In the early morning hours of Sept. 8, 2001, in Durban, South Africa, African
people achieved an historic victory.
The United Nations World Conference Against Racism, Racial Discrimination,
Xenophobia and Related Intolerance (WCAR) adopted a Durban Declaration and
Programme of Action (DDPA) recognizing that the “Trans-Atlantic slavery
and slave trade was a crime against humanity.” The first international
acknowledgment of an historical truth was the result of a nearly decade-long
battle waged by the December 12th Movement International Secretariat and a few
other NGOs (nongovernmental organizations) to maintain racism as a human rights
issue within the U.N.
Following the release of Nelson Mandela from 26 years of prison in apartheid
South Africa, the Western countries, fearing that the spotlight would be turned
on their own racist foundations and practices, fought to have racism eliminated
as an item from the agenda of the Commission on Human Rights.
Since 1989, the December 12th Movement, an organization which arose from the
grassroots Black community’s struggle to defend our human rights, had
been carrying out Malcolm’s mandate to bring our situation to the
international community by regular participation at the U.N. human rights
bodies in Geneva, Switzerland, and New York City.

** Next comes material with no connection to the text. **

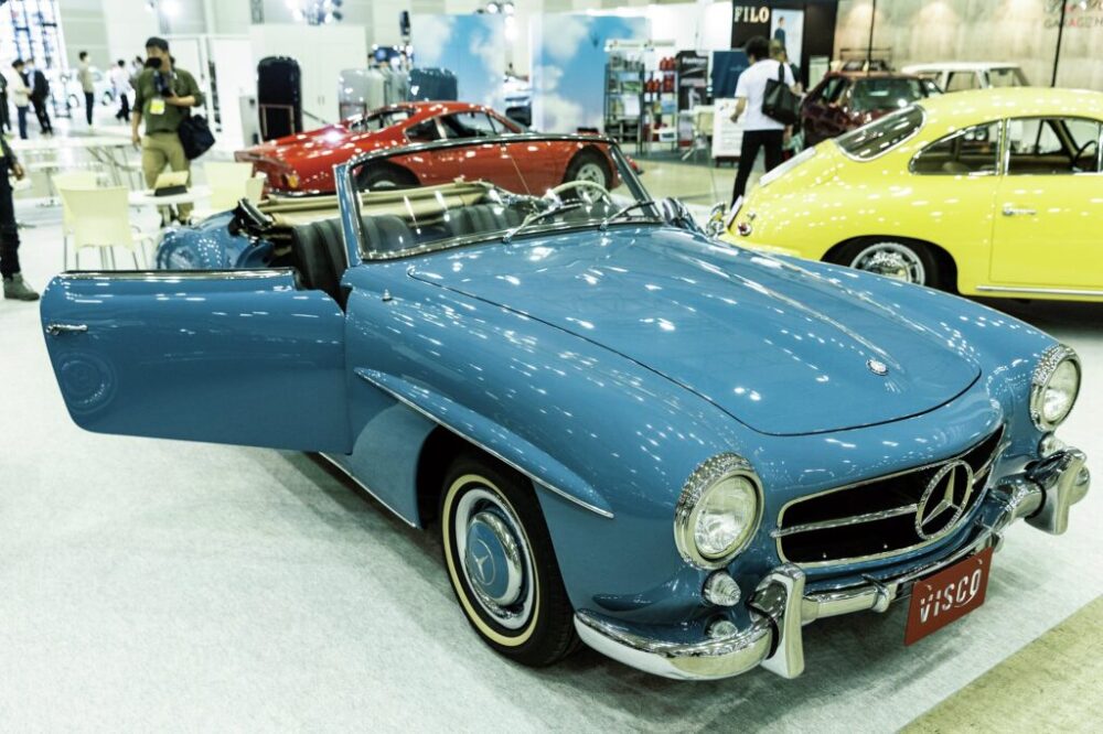 1954年にニューヨーク国際オートショーでデビューした初代190SL。同時に走りに特化したスパルタンな300SLも解禁され、注目を浴びたカリスマ的モデルとして知られる。

In 1993, at the U.N. World
Conference on Human Rights in Vienna, Austria, we called for the U.N. to
convene a World Conference Against Racism. But it was not until December 1997
that the U.N. General Assembly agreed to do so in 2001.
After the General Assembly approved the conference, D12 outlined what we saw as
three key issues to its success: 1) a declaration that the trans-Atlantic slave
trade, slavery and colonialism were crimes against humanity; 2) acknowledgment
of the economic basis of racism; 3) reparations for the victims. Over the next
four years D12 successfully helped organize NGOs of African people from around
the Diaspora who planned to participate in the WCAR to put these issues at the
top of their list of demands.
At the same time, understanding that it was the member countries of the U.N.
who would actually pass a Declaration and Program of Action, we lobbied the
U.N. Regional Groupings, particularly the African Group of countries, to
support these demands. The African Group’s statement, the Dakar
Declaration, addressed all the issues. From the beginning, the Western European
and Other (WEO) Group of countries, which includes the U.S., Canada, Australia
and New Zealand, recognized the threat these issues posed to the maintenance of
white supremacy and their dominant role in the world.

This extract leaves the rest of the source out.